• Directions
Please reproduce the lines from the one containing "常见的专线网络技术可进一步细分为硬管道,弹性管道和非管道(见下页表)。" through the end of the data below exactly as they stand, and omit all pictures.

• Data in this exercise
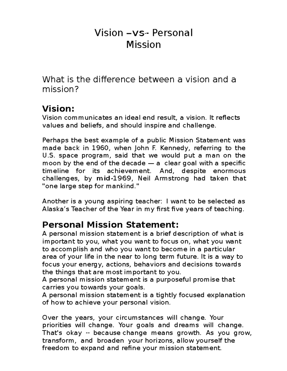 11+ Personal Mission Statement Templates in PDF | DOC A personal mission statement is generally used to articulate your values, your choices and who you are, ... Personal Mission Statement Worksheet Sample. How to Write a Personal Mission Statement + Worksheets How to Write a Personal Mission Statement + Worksheets. Sep 02, 2019. We're already two weeks into the New Year. We've set our goals, have big dreams and ... Personal Mission Statement Template Aug 17, 2017 ... A personal mission statement is a tightly focused explanation of how to achieve your personal vision. Over the years, your circumstances will ...
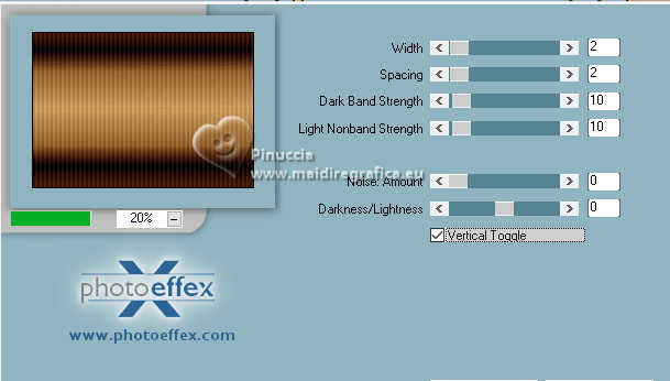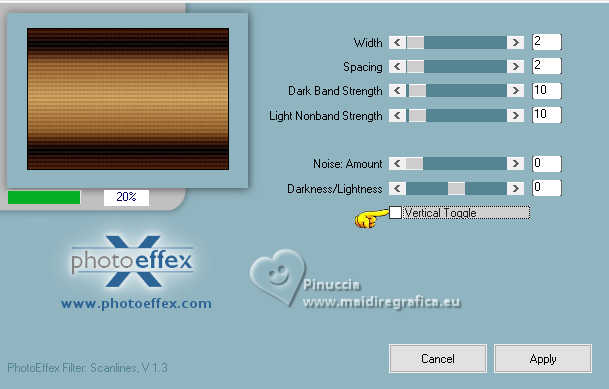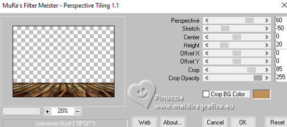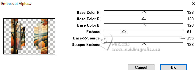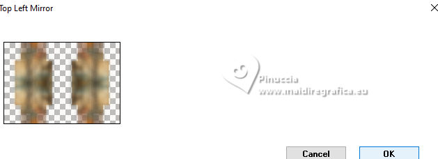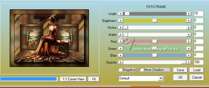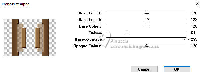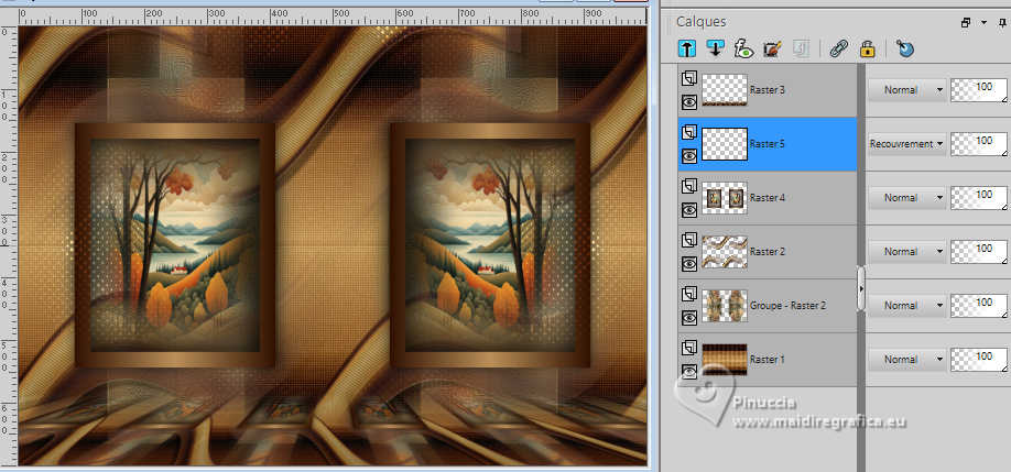 Pour traduire ce tutoriel j'ai utilisé PSPX9 et PSP2020, mais il peut également être exécuté avec les autres versions. Suivant la version utilisée, vous pouvez obtenir des résultats différents. Depuis la version X4, la fonction Image>Miroir a été remplacée par Image>Renverser horizontalement, et Image>Renverser avec Image>Renverser verticalement . Dans les versions X5 et X6, les fonctions ont été améliorées par la mise à disposition du menu Objets. Avec la nouvelle version X7, nous avons encore Image>Miroir et Image>Renverser/Retourner, mais avec nouvelles différences. Voir les détails à ce sujet ici Certaines dénominations ont changées entre les versions de PSP. Les plus frequentes dénominations utilisées: ![]() English translation here Vos versions ici![]() Nécessaire pour réaliser ce tutoriel: ![]() Image KamilTube-1493-BG. Merci. Mask Cameron. Merci Le reste du matériel est de Maria José. (ici les liens vers les sites des créateurs du matériel) ![]() consulter, si nécessaire, ma section des filtres ici Filters Unlimited 2.0 ici Simple - Top Left Mirror ici PhotoEffex - Scanlines ici Mura's Meister - Perspective Tiling ici Mura's Seamless - Emboss at Alpha ici AAA Frames - Foto Frame ici Filtres Mura's Seamless et Simple peuvent être utilisés seuls ou importés dans Filters Unlimited. voir comment le faire ici. Si un filtre est fourni avec cette icône, ![]() en fonction des couleurs utilisées, vous pouvez changer le mode mélange et l'opacité des calques. Dans les plus récentes versions de PSP, vous ne trouvez pas le dégradé d'avant plan/arrière plan ou Corel_06_029. Vous pouvez utiliser le dégradés des versions antérieures. Ici le dossier Dégradés de CorelX. ![]() Placer la sélection dans le dossier Sélections Ouvrir le masque dans PSP et le minimiser avec le reste du matériel Ouvrir layer-base-MJ. Cette image sera la base de votre travail. Coloriser à votre goût Choisir deux couleurs de votre image layer-base-MJ Pour l'example: Placer en avant plan la couleur foncée #311203, et en arrière plan la couleur claire #bb9059. ![]() Préparer en avant plan un dégradé de premier plan/arrière plan, style Linéaire. ![]() 1. Calques>Nouveau calque raster. Remplir le calque du dégradé.2. Calques>Nouveau calque de masque>A partir d'une image. Ouvrir le menu deroulant sous la fenêtre d'origine et vous verrez la liste des images ouvertes. Sélectionner le masque maskzephir2-camerontags. ![]() Calques>Fusionner>Fusionner le groupe. 3. Effets>Modules Externes>Mura's Seamless - Emboss at Alpha, par défaut. ![]() 4. Effets>Effets d'image>Mosaïque sans jointures. ![]() 5. Calques>Nouveau calque raster. Sélections>Sélectionner tout. 6. Ouvrir le graphique KamilTube-1493-BG ![]() Édition>Copier. Revenir sur votre travail et Édition>Coller dans la sélection. Sélections>Désélectionner tout. 7. Calques>Nouveau calque de masque>A partir d'une image. Ouvrir le menu deroulant sous la fenêtre d'origine et sélectionner à nouveau le masque maskzephir2-camerontags. ![]() Calques>Fusionner>Fusionner le groupe. 8. Effets>Modules Externes>Mura's Seamless - Emboss at Alpha, par défaut. ![]() 9. Effets>Effets d'image>Mosaïque sans jointures. ![]() 10. Effets>Effets de textures>Moulage plastique. ![]() Calques>Fusionner>Fusionner le calque de dessous. 11. Réglage>Netteté>Davantage de netteté. 12. Effets>Modules Externes>Simple - Top Left Mirror. ![]() Effets>Effets 3D>Ombre portée, couleur noire. ![]() 13. Ouvrir deco-lucrecia-MJ ![]() Édition>Copier. Revenir sur votre travail et Édition>Coller comme nouveau calque. Effets>Effets 3D>Ombre portée, par défaut. ![]() 14. Sélections>Charger/Enregistrer une sélection>Charger à partir du disque. Chercher et charger la sélection lucrecia-MJ ![]() 15. Calques>Nouveau calque raster. Remplir la sélection du dégradé.Sélections>Modifier>Contracter - 25 pixels. Presser CANC sur le clavier ![]() 16. Calques>Nouveau calque raster. Ouvrir le misted misted-lucrecia-MJ ![]() Édition>Copier. Revenir sur votre travail et Édition>Coller dans la sélection. 17. Calques>Agencer>Déplacer vers le bas. Vous positionner sur le calque de dessus, Raster 3. Calques>Fusionner>Fusionner le calque de dessous. 18. Garder sélectionné. Calques>Nouveau calque raster. Effets>Effets 3D>Découpe. ![]() Calques>Fusionner>Fusionner le calque de dessous. Sélections>Désélectionner tout. 19. Calques>Dupliquer. Image>Miroir>Miroir horizontal. Calques>Fusionner>Fusionner le calque de dessous. Effets>Effets 3D>Ombre portée, couleur noire. ![]() 20. Vous positionner sur le calque Raster 1. Réglage>Ajouter/Supprimer du bruit>Ajouter du bruit. ![]() Effets>Modules Externes>PhotoEffex - Scanlines ![]() Répéter Effets>Modules Externes>PhotoEffex - Scanlines Vertical Toggle décoché ![]() 21. Vous positionner sur le calque du haut de la pile, Raster 4. Édition>Copie Spéciale>Copier avec fusion. 22. Édition>Coller comme nouveau calque. 23. Effets>Modules Externes>Mura's Meister - Perspective Tiling. ![]() 24. Activer l'outil Baguette magique , tolérance 0 et progressivité 80,et cliquer dans la partie transparente pour la sélectionner. Presser +/- 10 fois CANC sur le clavier. Sélections>Désélectionner tout. ne pas oublier de placer à nouveau la progressivité à 0 25. Image>Miroir>Miroir horizontal. 26. Ouvrir deco_1_mj ![]() Édition>Copier. Revenir sur votre travail et Édition>Coller comme nouveau calque. Calques>Agencer>Déplacer vers le bas. 27. Réglage>Netteté>Davantage de netteté. Placer le calque en mode Recouvrement. La tag et les calques - adapter Mode mélange et opacité en fonction de votre travail ![]() 28. Vous positionner sur le calque du haut de la pile. Ouvrir le tube AI-tube-MJ ![]() Édition>Copier. Revenir sur votre travail et Édition>Coller comme nouveau calque. Image>Redimensionner, si nécessaire, pour le tube fournie je n'ai pas rédimensionné. Positionner bien le tube.Effets>Effets 3D
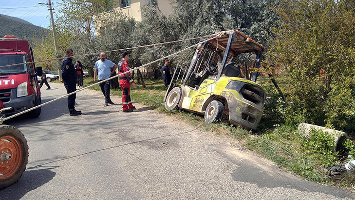 Olay bugün saat 13.00 sıralarında Fethiye‘nin Karaçulha Mahallesinde meydana geldi. Mehmet Göven yönetimindeki forklift, yol kenarındaki zeytinliğe devrildi. Çevredekilerin 112 Acil Çağrı Merkezi’ne ihbarı üzerine olay yerine itfaiye, sağlık ve polis ekipleri sevk edildi. İtfaiye görevlileri ve vatandaşlar tarafından kaldırılan 4,5 ton ağırlığındaki forkliftin altında kalan genç operatörün olay yerinde yaşamını yitirdiği belirlendi.
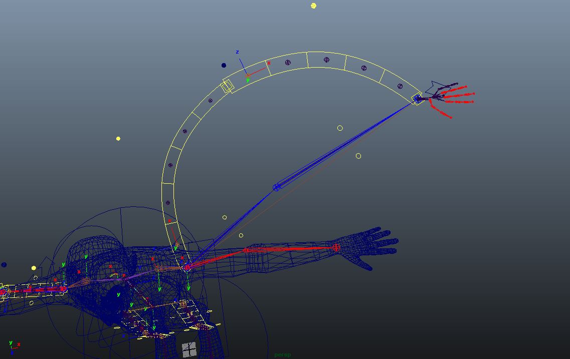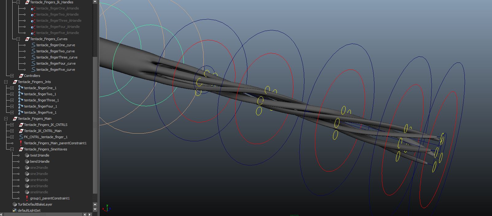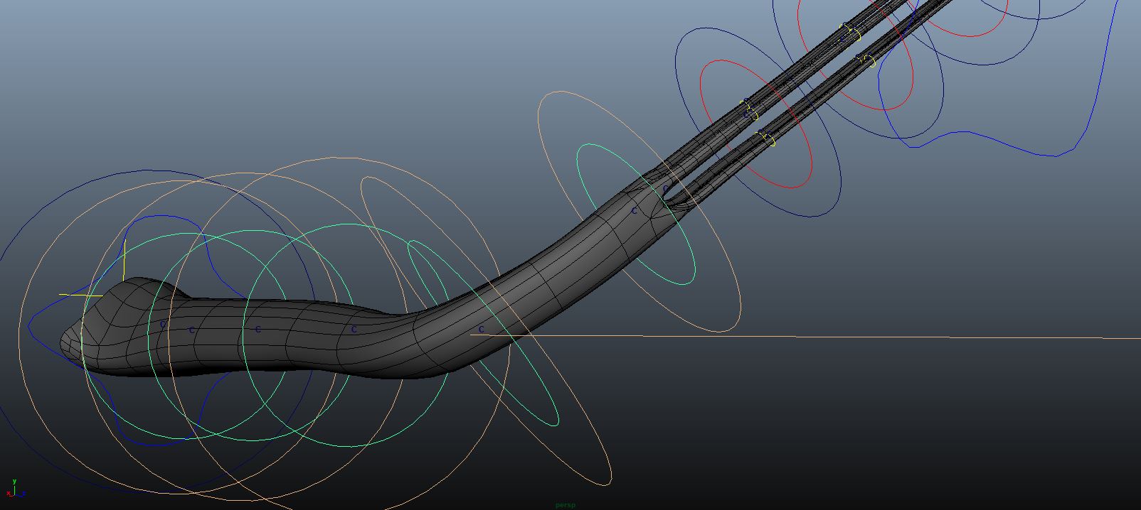 In addition to working on the clothing I prepared myself for rigging the shoggoth. I broke down and remade an example of a tentacle rig that was made by Evan Boucher.
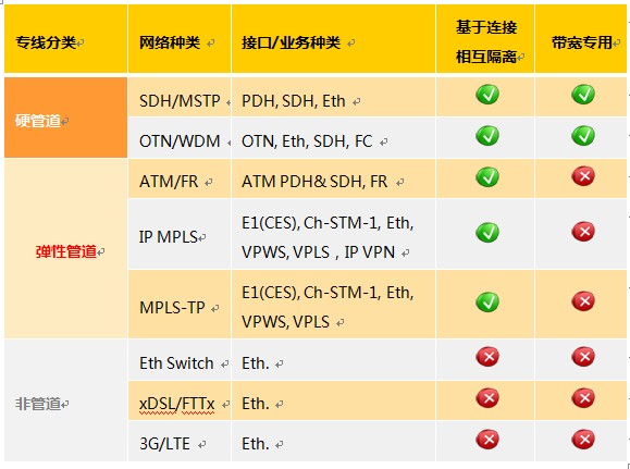 常见的专线网络技术可进一步细分为硬管道,弹性管道和非管道(见下页表)。
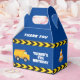 Caixa de festa de aniversário de um caminhão de lixo legal e personalizado para uma criança que ama veículos de construção amarelos em um fundo azul divertido. Design de veículo divertido para um menino que ama carros e caminhões. Personalize com o nome do seu filho entre a fita de precaução preto e amarelo.
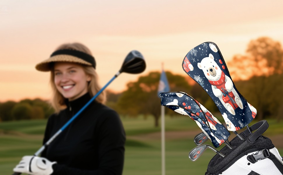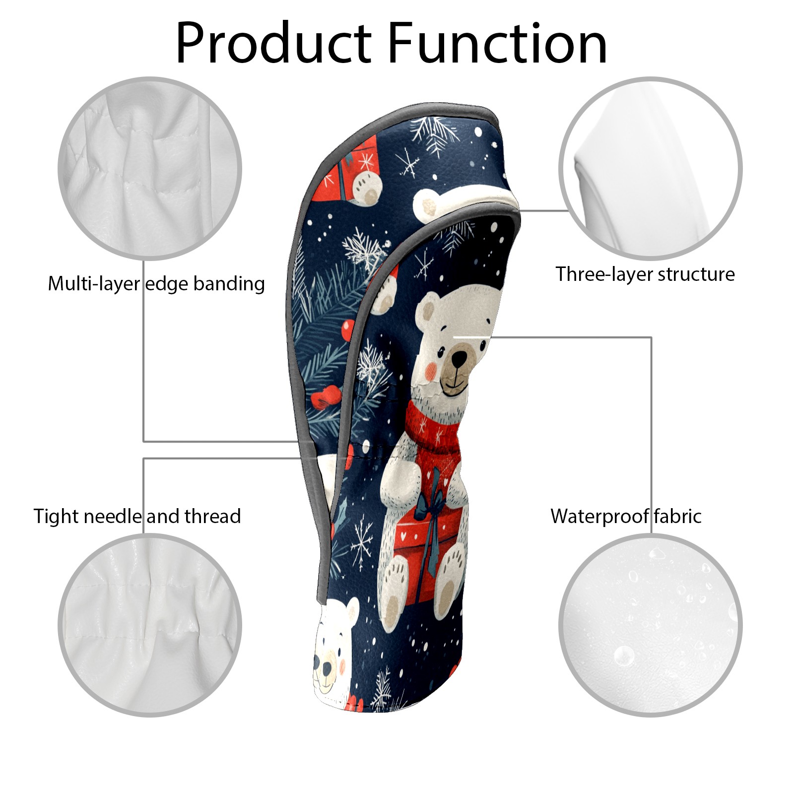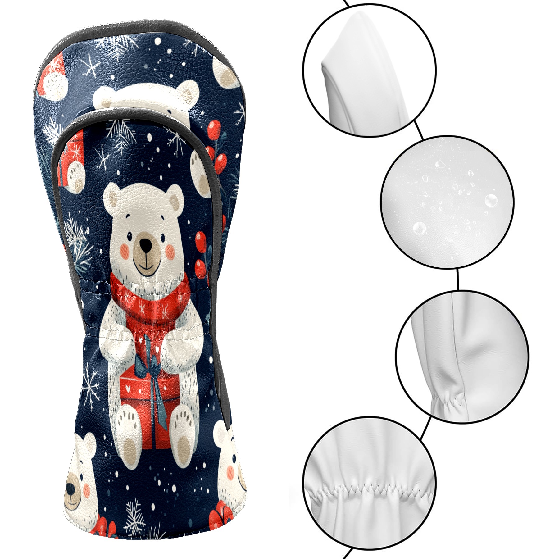 Golf Club Covers PU Leather Waterproof,Golf Club Head Covers for Fairway Woods and Hybrids White Bear,Unisex Suitable for Most Brands

• Problem solution
 常见的专线网络技术可进一步细分为硬管道,弹性管道和非管道(见下页表)。
 Caixa de festa de aniversário de um caminhão de lixo legal e personalizado para uma criança que ama veículos de construção amarelos em um fundo azul divertido. Design de veículo divertido para um menino que ama carros e caminhões. Personalize com o nome do seu filho entre a fita de precaução preto e amarelo.
 Golf Club Covers PU Leather Waterproof,Golf Club Head Covers for Fairway Woods and Hybrids White Bear,Unisex Suitable for Most Brands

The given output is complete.